How does Promwad handle ASPICE compliance in vision system projects?
We integrate ASPICE process requirements from the architecture stage, not as a retrofit. In this project, ASPICE CL2 documentation groundwork — requirements traceability, design specifications, and test procedures — was built alongside the platform, so it's ready for OEM integration without re-engineering the process layer.
Can this platform be adapted to a different vehicle program or use case?
Yes. The architecture is designed for reuse: mode switching between gesture access, face recognition, and surveillance is handled in firmware, so the same hardware works across different vehicle models. Additional gestures, more registered users, or fleet management integration can be added within the existing ECU boundaries — no hardware redesign needed.
How do you port ML models to embedded automotive processors?

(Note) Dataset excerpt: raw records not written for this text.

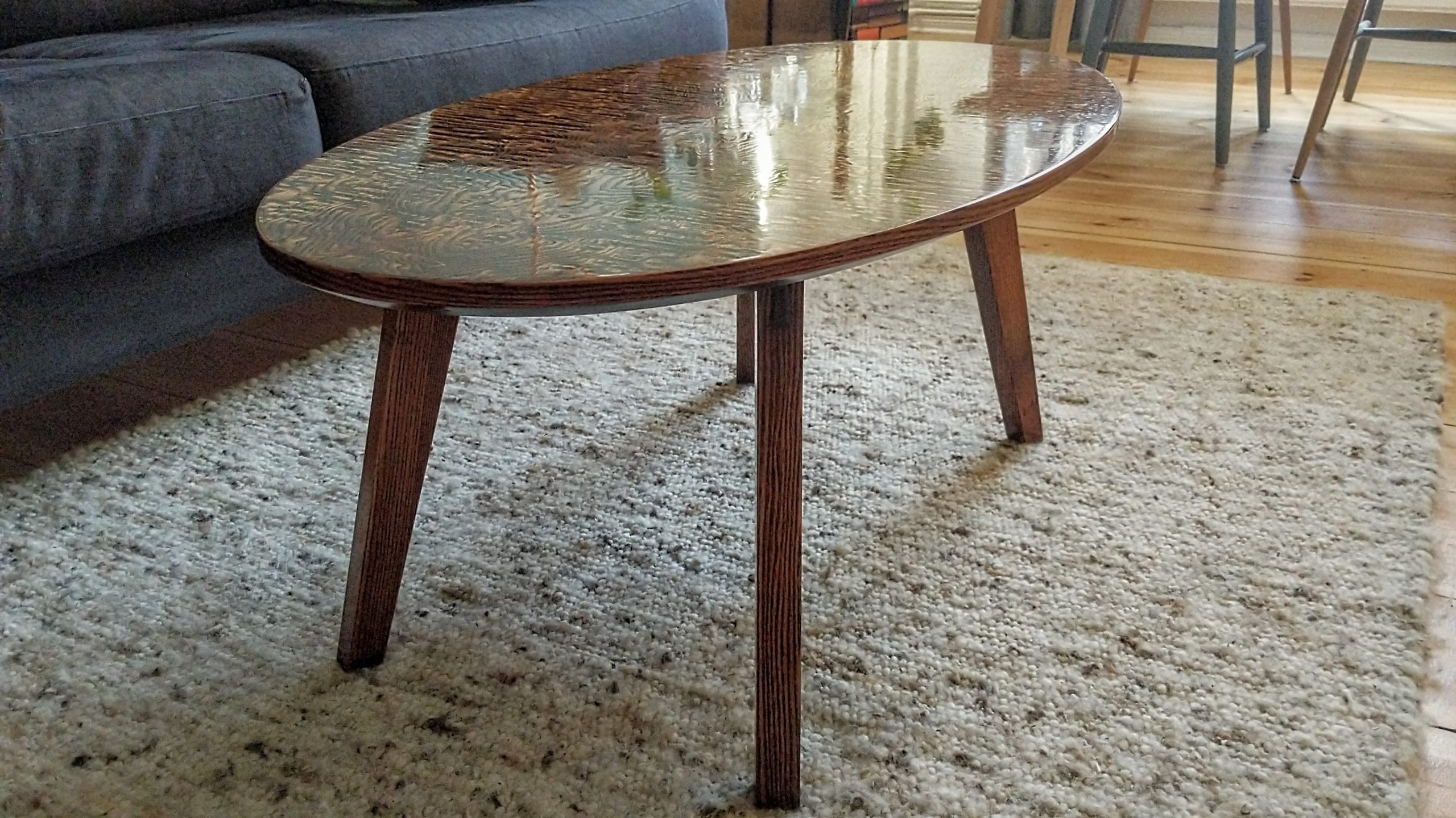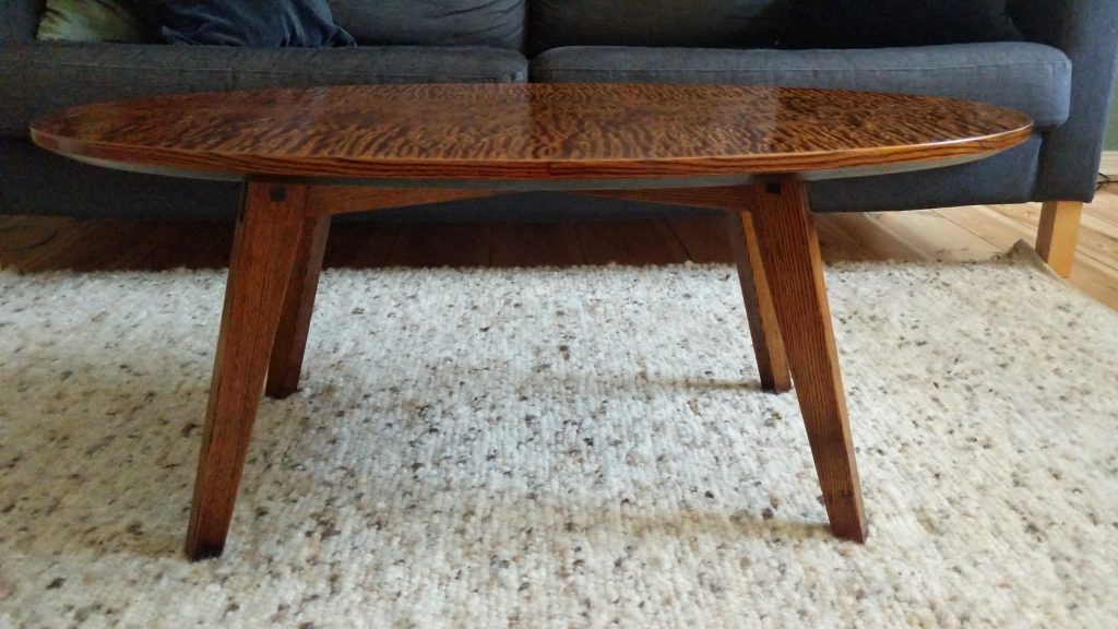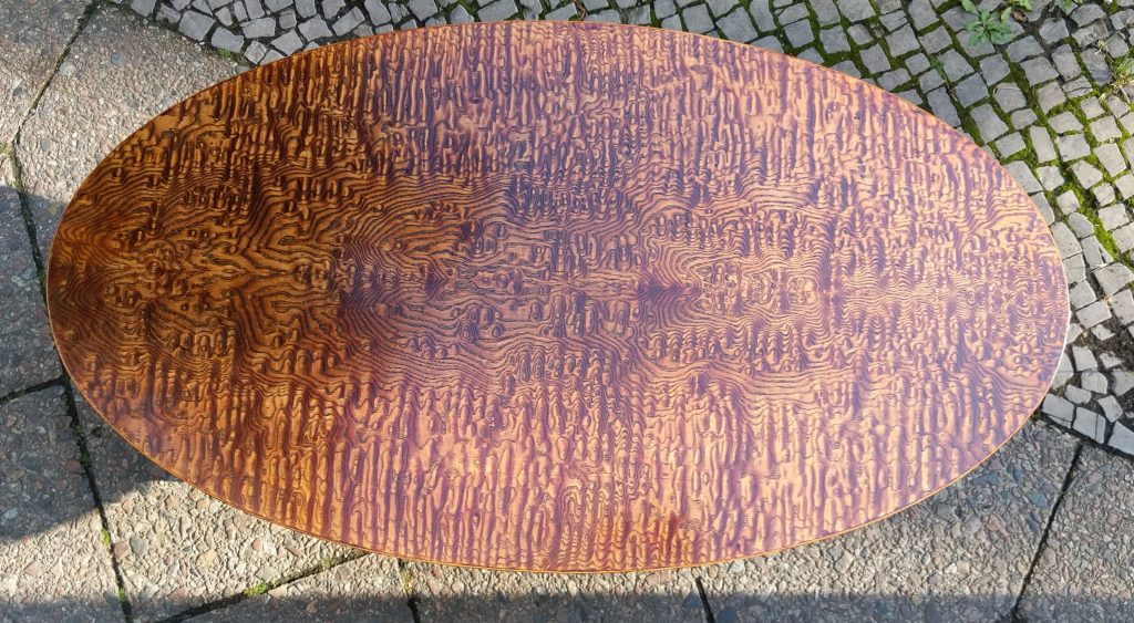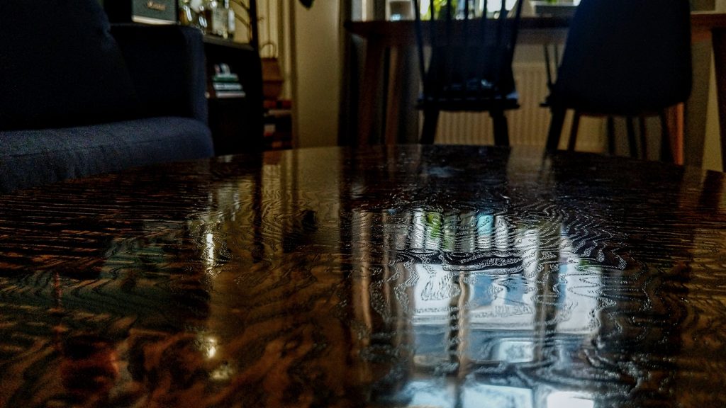 Couchtisch mit 12 Schichten Urushi-Lack und selbst angesetzter Bienenwachspolitur. Die Trägerplatte aus Ahorn-Multiplex ist mit Tamo (oder Sen-Esche/mandschurische Esche) furniert und einem Umleimer laminiert.
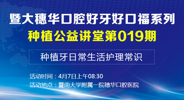 很多缺牙患者找到穗华口腔医院的种植专家成功种植了牙齿,而种植牙后需要注意什么?种植牙后如何保养才能用的更长久?很多种植牙患者种牙之后可能都不会去注意如何做术后护理,导致种牙之后出现各种问题。为了提高种植牙术后的使用质量,延长种植牙的使用寿命,穗华口腔医院将开展好牙好口福系列之第019期种植公益讲堂,邀请了穗华口腔资深种植专家冯智强博士为大家宣讲种植牙术后护理常识,到时并会与观众进行互动问答,为种植牙患者详细讲解种植牙后要注意的相关问题。
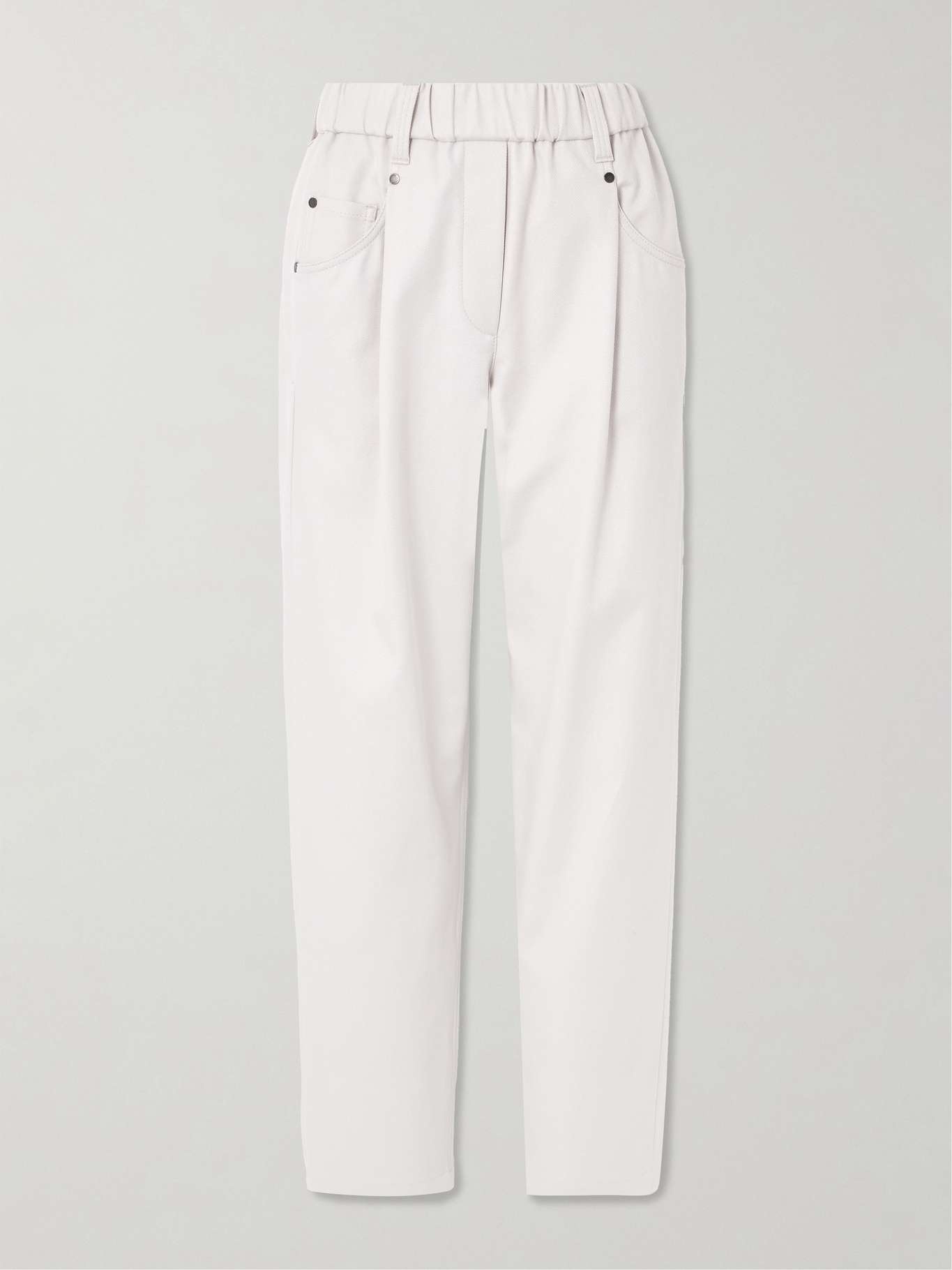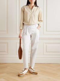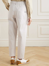 Brunello Cucinelli's pants channel the label's masterful relaxed tailoring. They're cut from cotton-blend twill and have lightly pressed creases along the tapered legs. You can even roll the cuffs if you wish. Size & Fit - Fits true to size, take your normal size - High-rise, intended for a relaxed fit, tapered at the hem - Elasticated at the waist for a flexible fit - Mid-weight, slightly stretchy fabric - Model is 177cm/ 5'10" and is wearing an IT 40 Model measurements: - Bust: 85cm/ 33” - Waist: 66cm/ 26” - Hip: 92cm/ 36” Details & Care - White cotton-blend twill - Pull on - 97% cotton, 3% elastane - Dry clean
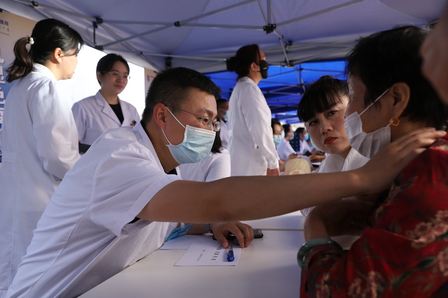 專家們?yōu)榍皝韱栐\的群眾,提供免費的咨詢檢查診療服務(wù),宣傳健康知識,提高群眾對常見病、慢性病的防控意識,以實實在在的方式為老百姓看病就醫(yī)解決實際問題。 謝凱隆 攝影報道
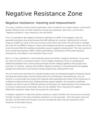 The document discusses negative resistance observed in certain semiconductor devices, particularly focusing on tunnel and Gunn diodes. It explains how these devices can exhibit negative resistance by demonstrating an inverse relationship between voltage and current, allowing them to amplify power under specific conditions. Additionally, the document covers related concepts such as peak inverse voltage (PIV) and the characteristics of fast recovery and avalanche diodes.
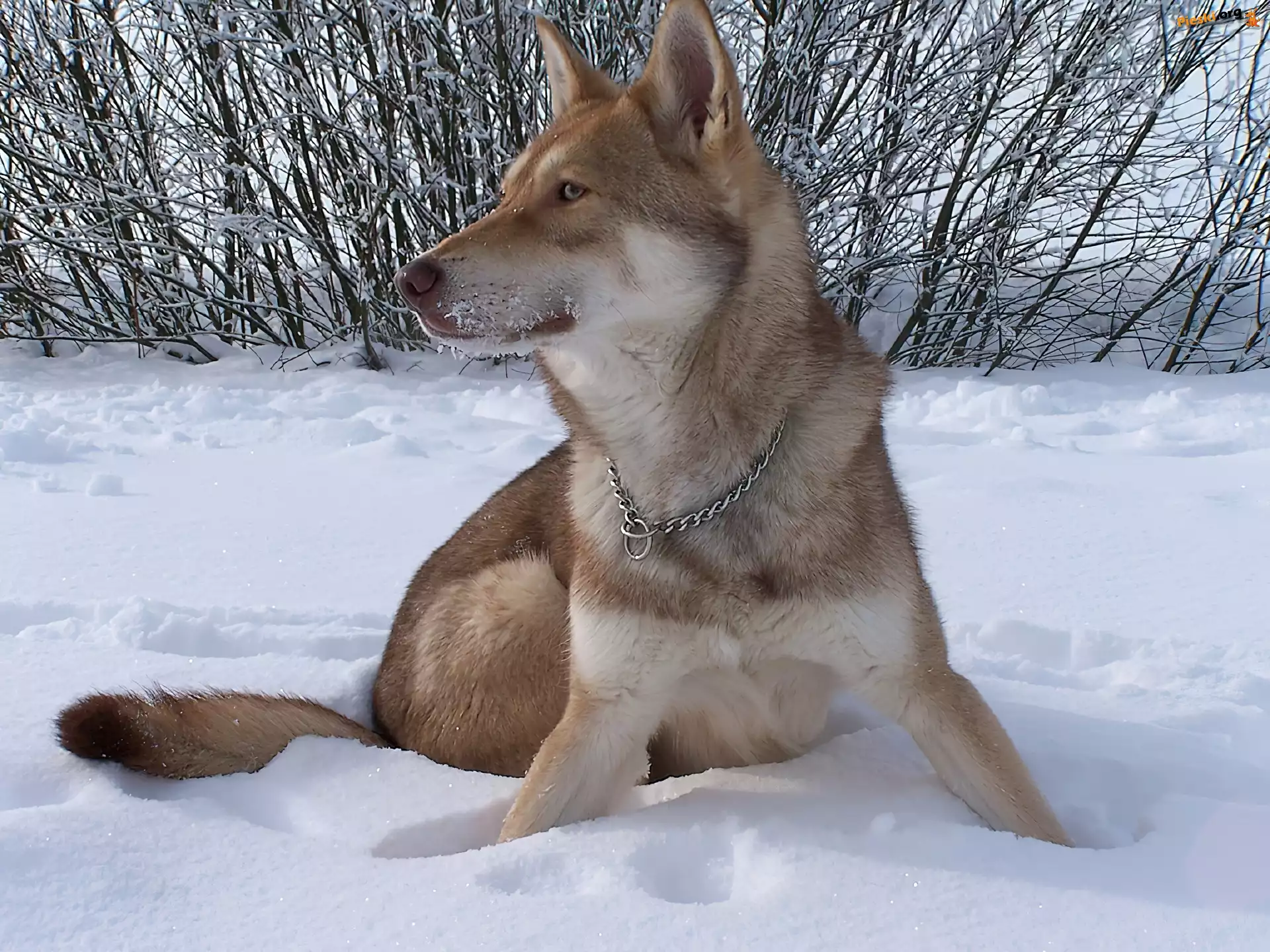 Saarlooswolfhond, woda trzy, Saarlooswolfhond Saarlooswolfhond, uszy, postawione Saarlooswolfhond, śnieg, krzaki
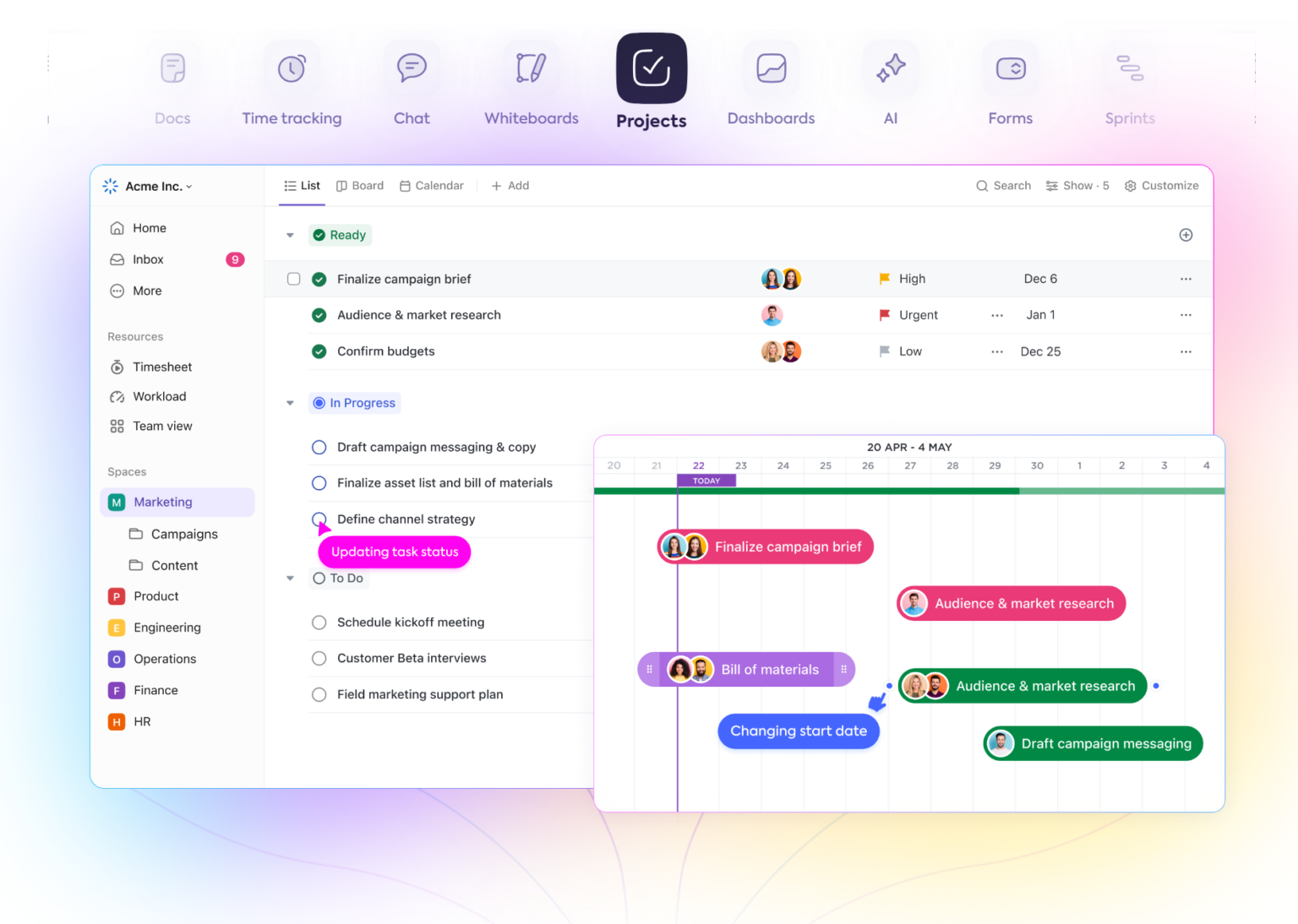 ClickUp은 리스트, 보드, 간트차트, 캘린더, 마인드맵 등 10가지 이상의 시각화 뷰를 제공합니다.
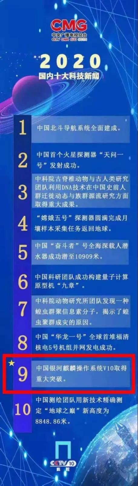 2020年底,由麒麟软件打造的新一代自主创新操作系统产品“银河麒麟操作系统V10”入选由中央电视台、中央人民广播电台、中国国际广播电台、中国国际电视台联合评选的“2020十大国内科技新闻”榜单,与其他国家科技领域重大成果一起名列其中;同时荣获国资委评选的“2020年度央企十大国之重器”。2021年2月23日, 银河麒麟作为国产操作系统代表入选“2020年度信创领域十大事件盘点”的研究报告,报告中多次提到了麒麟软件作为中国操作系统中坚力量在信创方面做出的突出贡献。
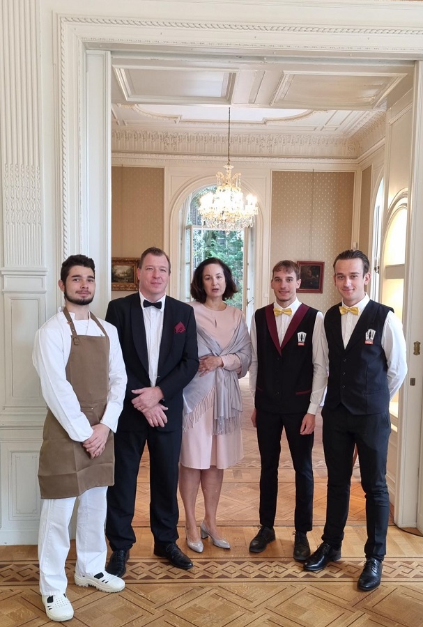 Již podesáté se žáci SOU a SOŠ SČMSD, Znojmo, s.r.o. pod vedením učitele odborného výcviku Bc. Martina Bendy zúčastnili zajištění příprav a obsluhy státní recepce u příležitostí Dnů české státnosti na rezidenci českém velvyslanectví v Haagu.
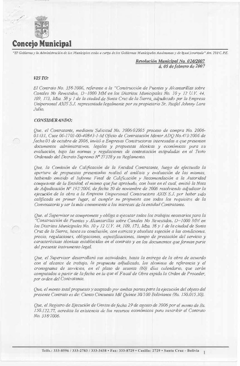 Aprueba el Contrato N° 358/2006, referente a la “Construcción de Puentes y Alcantarillas sobre Canales No Revestidos, D=1000 MM en los Distritos Municipales No. 10 y 12 U.V. 44, 109, 173, Mza. 58 y 1 de la ciudad de Santa Cruz de la Sierra, adjudicado por la Empresa Unipersonal AXIS S.J.
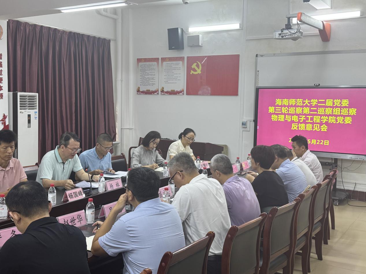 根据校党委巡察工作统一部署,5月22日上午,二届党委第三轮巡察第二巡察组巡察物理与电子工程学院党委反馈意见会在南校区物理201会议室举行。校党委巡察工作领导小组成员、校纪检副书记、校纪检监察二处处长郑贤出席会议并讲话,第二巡察组组长杨林、副组长杨国峰及组员、学院党政领导班子成员、教师代表及科级以上干部等相关人员参加会议,组织部、巡察办负责人到会指导。会议由学院党委书记戚文东主持。
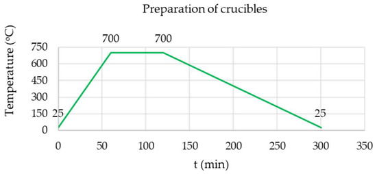 The porcelain crucibles (brand: JIPO (Jizerská porcelánka s.r.o., Desná v Jizerských horách I, Desna, Czech Republic) with a middle form), were prepared, including cleaning, initial weighing, heating, and natural cooling in a desiccator according to the heating–cooling profile shown in Figure 3, final weighing, and careful storage.

We adapt standard frameworks — such as Google MediaPipe or TensorFlow Lite — to run on the target SoC's inference engine. This includes resolving toolchain incompatibilities, optimizing model size and latency, and validating accuracy on real camera streams, not just lab data. Ported models become reusable assets for future projects on the same platform.
Which SoC platforms does Promwad use for edge AI in automotive applications?
We work with Ambarella CVflow, NVIDIA Jetson, and Renesas platforms. Platform choice depends on the project's inference requirements, power budget, and certification needs. In this project, Ambarella CVflow was selected because it combines image processing and AI inference on a single automotive-grade chip.